The skills gap you mentioned is part and parcel of the deterioration of this capacity. Maybe they could hire back some of those 50 something engineers that got canned in the last few rounds of cost cutting. Or maybe even pay for some training. The current Walmartization of the workforce is indeed a reality, but it is not inevitable.

One of the attractive things about MMT is it shows how a conceptual shift shift and a few relatively simple policy adjustments could make a big difference very quickly. The New Keynesians, on the other hand, require 20 or 30 years and a complete retooling for their somewhat dubious recommendations to take effect.

Tom Hickey said...

David, my post was not directed as criticism. My intention was to unpack the details that get subsumed into a principle. Both are necessary in a theory and its articulation. The things I mentioned are the areas that I think are concerning and need to be highlighted.

paul meli said...

Greg,

"The best way to describe to the uninitiated the difference between govt debt and private debt is to ask them a simple question.

If you held your 100,000$ treasury bill (govt debt) in your hand and I held my 100,000$ mortgage in my hand, would you switch the names on the documents?"

This is a very useful argument strategy - thanks.

JK said...

Paul,

But what if the person responds…

"Of course I'd prefer the Treasury debt. That money is owed to me! Where my Mortgage debt I owe to someone else. So of course I'd rather money owed to me than for me to owe money to someone else. But that doesn't change the fact in order for me to be paid the government has to take money from someone else."

(btw, I know the govenrment doesn't need to tax us to "pay" for Treasurues).

I'm asking what your response would be the above reaction?

JK said...

I guess the post I just wrote is directed at Greg, not Paul

Anonymous said...

"people buying TS's get some trivial, fiat interest, of no consequence to a fiat currency issuer"
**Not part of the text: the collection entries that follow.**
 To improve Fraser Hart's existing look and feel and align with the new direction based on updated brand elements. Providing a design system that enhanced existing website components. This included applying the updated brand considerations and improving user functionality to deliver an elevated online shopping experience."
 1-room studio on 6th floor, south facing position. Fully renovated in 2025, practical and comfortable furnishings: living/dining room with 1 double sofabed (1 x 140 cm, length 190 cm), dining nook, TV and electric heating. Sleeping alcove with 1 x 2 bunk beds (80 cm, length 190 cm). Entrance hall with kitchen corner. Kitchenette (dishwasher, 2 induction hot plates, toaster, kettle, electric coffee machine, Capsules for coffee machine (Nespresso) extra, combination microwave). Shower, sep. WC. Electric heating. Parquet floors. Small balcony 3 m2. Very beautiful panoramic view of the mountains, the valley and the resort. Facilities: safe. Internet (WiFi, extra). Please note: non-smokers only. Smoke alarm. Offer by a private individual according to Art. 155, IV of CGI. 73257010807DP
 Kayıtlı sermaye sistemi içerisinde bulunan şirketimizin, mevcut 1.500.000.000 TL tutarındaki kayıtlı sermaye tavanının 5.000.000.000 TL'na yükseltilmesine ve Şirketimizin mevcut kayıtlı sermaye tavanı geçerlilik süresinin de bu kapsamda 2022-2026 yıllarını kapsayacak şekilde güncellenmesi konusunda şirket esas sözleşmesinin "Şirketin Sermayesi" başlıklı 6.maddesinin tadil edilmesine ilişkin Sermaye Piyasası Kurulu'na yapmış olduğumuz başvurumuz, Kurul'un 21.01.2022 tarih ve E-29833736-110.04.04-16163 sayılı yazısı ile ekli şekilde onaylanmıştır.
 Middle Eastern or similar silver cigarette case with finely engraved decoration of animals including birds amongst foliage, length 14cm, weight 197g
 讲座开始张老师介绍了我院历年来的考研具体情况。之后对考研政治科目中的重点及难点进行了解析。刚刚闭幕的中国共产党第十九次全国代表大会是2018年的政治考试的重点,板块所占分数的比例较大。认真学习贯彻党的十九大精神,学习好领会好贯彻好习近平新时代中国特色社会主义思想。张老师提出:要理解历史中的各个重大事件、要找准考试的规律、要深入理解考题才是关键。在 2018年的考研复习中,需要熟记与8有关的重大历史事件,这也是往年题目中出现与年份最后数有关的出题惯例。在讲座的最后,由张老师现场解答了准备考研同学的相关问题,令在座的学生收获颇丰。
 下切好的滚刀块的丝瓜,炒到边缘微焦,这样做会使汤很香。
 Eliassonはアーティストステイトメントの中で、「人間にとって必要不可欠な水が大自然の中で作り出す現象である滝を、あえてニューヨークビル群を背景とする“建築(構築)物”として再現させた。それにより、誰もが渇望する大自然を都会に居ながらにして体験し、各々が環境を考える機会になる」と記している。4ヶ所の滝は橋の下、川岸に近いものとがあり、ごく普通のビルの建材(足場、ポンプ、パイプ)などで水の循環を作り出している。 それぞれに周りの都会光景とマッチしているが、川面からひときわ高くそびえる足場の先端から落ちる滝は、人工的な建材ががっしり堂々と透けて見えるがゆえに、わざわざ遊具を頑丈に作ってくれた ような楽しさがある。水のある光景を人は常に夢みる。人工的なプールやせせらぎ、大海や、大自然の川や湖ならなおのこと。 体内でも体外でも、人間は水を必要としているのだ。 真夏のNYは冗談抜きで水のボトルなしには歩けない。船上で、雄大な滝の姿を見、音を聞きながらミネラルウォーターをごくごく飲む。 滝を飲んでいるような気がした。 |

Interest can be an problem for a currency issuer, as too much of it can be inflationary. Anything other than low interest rates can be unsustainable in this regard if there is a large government debt.

paul meli said...

@JK

The trade only makes sense if the treasury is traded for the mortgage (the creditor), not the promissory note (the debtor).
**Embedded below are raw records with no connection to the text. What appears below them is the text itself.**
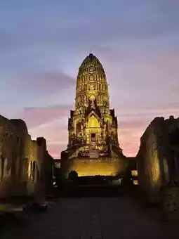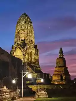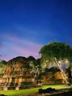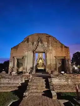 拉差布拉那寺(Wat Ratchaburana)是大城府最大、最古老的寺庙。它由三披耶国王于1967年建造,是一处非常美丽的古迹。夜晚的拉差布拉那寺更显壮丽,灯光映照下的佛塔闪耀着金色的光芒,美得令人流连忘返。🕘
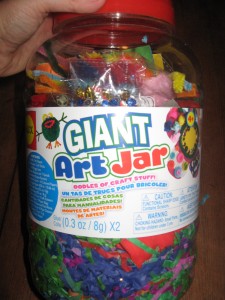 My girls (2.5 and almost 5) love arts & crafts projects. No matter how many supplies I stock up on, we never seem to have enough. This jar has a little bit of everything. Today we are going to use our Giant Art Jar supplies to decorate glass votive holders to give as Christmas gifts. I think I am as excited as the girls are!
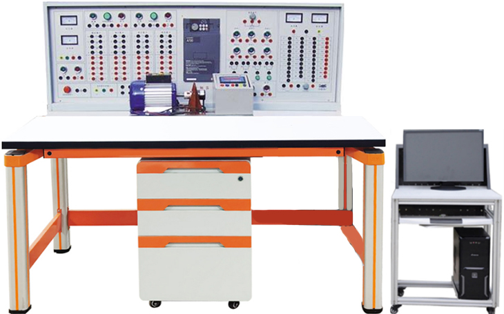 变频调速技术实训装置、驱动技术实训室设备是电气工程系重点专业实训室,变频调速实训装置面向计算机控制、电气自动化、船舶电气技术专业服务。变频器实训台能够模拟实际的工业控制系统。每台变频器装置主要由变频器周围元器件组成,通过实训,学生可以了解变频器的结构、安装及接线的基本知识,学习变频器的参数设定和操作方法、控制回路接线端子的设置、接线及智能化功能。变频器维护等知识。
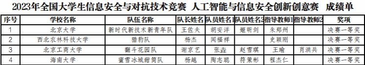 据悉,两支参赛队伍指导教师为计算机公司程杰仁教授,参赛作品分别为:杨越、陶志聪、符策彬同学创作的题目为基于区块链的DDoS攻击协同检测系统和曾发强、李继梅、韩梦雪同学创作的物联网场景下目标检测模型的攻击与防御系统两项作品。此次大赛为期2天,共有来自北京大学、哈尔滨工业大学、华中科技大学等111所高校的613支队伍参加。在“人工智能与信息安全创新创意赛”赛道共产生一等奖10项、二等奖15项、三等奖13项、优秀奖55项。
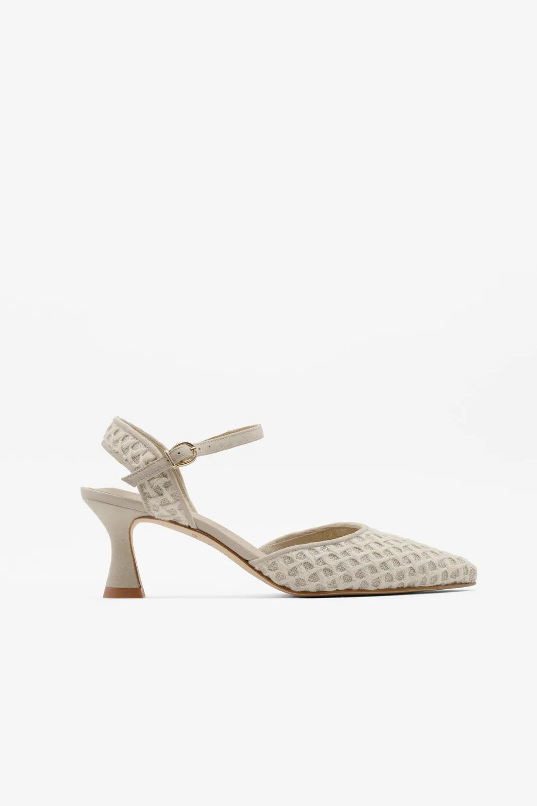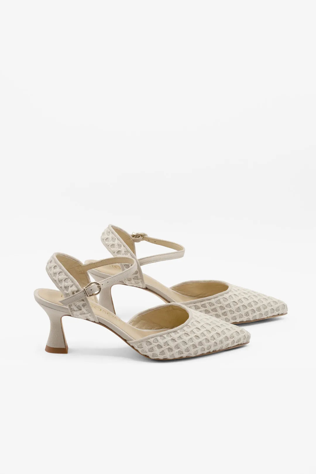 Chaussures en lin beige à bout pointu avec motif en maillée et talon trapèze de 6 cm.

I didn't see this right away.

That said, who gets the best side of the deal, the bank or the investor?

paul meli said...

@JK

You probably won't see this but I tried the argument the other day at NC and this ensued…

For those in this comment section complaining about government debt…
Would any of you be willing to trade your $100,000 treasury for my $100,000 mortgage? This would mean you would have to put the mortgage in your name.
I mean they’re both debt instruments right?
I would even pay a $5000.00 premium.
Reply
•  Nathanael says: 
June 8, 2012 at 2:09 pm 
Depends where your house is located and whether you have good title to that mortage. :-) I might be interested in seizing that collateral. :-)
Reply 

•  FrankB says: 
June 8, 2012 at 2:21 pm 
You are talking about being on different sides of the debt instrument but then you know that or no one would have given you a mortgage.
Reply 

◦  paul says: 
June 8, 2012 at 2:58 pm 
Well, from one side the bond earns interest and the mortgage receives principal plus earns interest – the holder or creditors perspective.
I’ll take the bond from this perspective.
From the other side the debtor pays interest or the debtor pays principal and interest.
I’ll take the bond from this perspective too, remember I get the face value of the bond in advance on which I will make interest payments. You can have the payment stream from the mortgage.
Reply 

◦  paul says: 
June 9, 2012 at 8:54 pm 
Correction.
After further review, Frank B. is correct on this, I am wrong.


After further review of my further review I was pretty close, I think, although maybe unclear.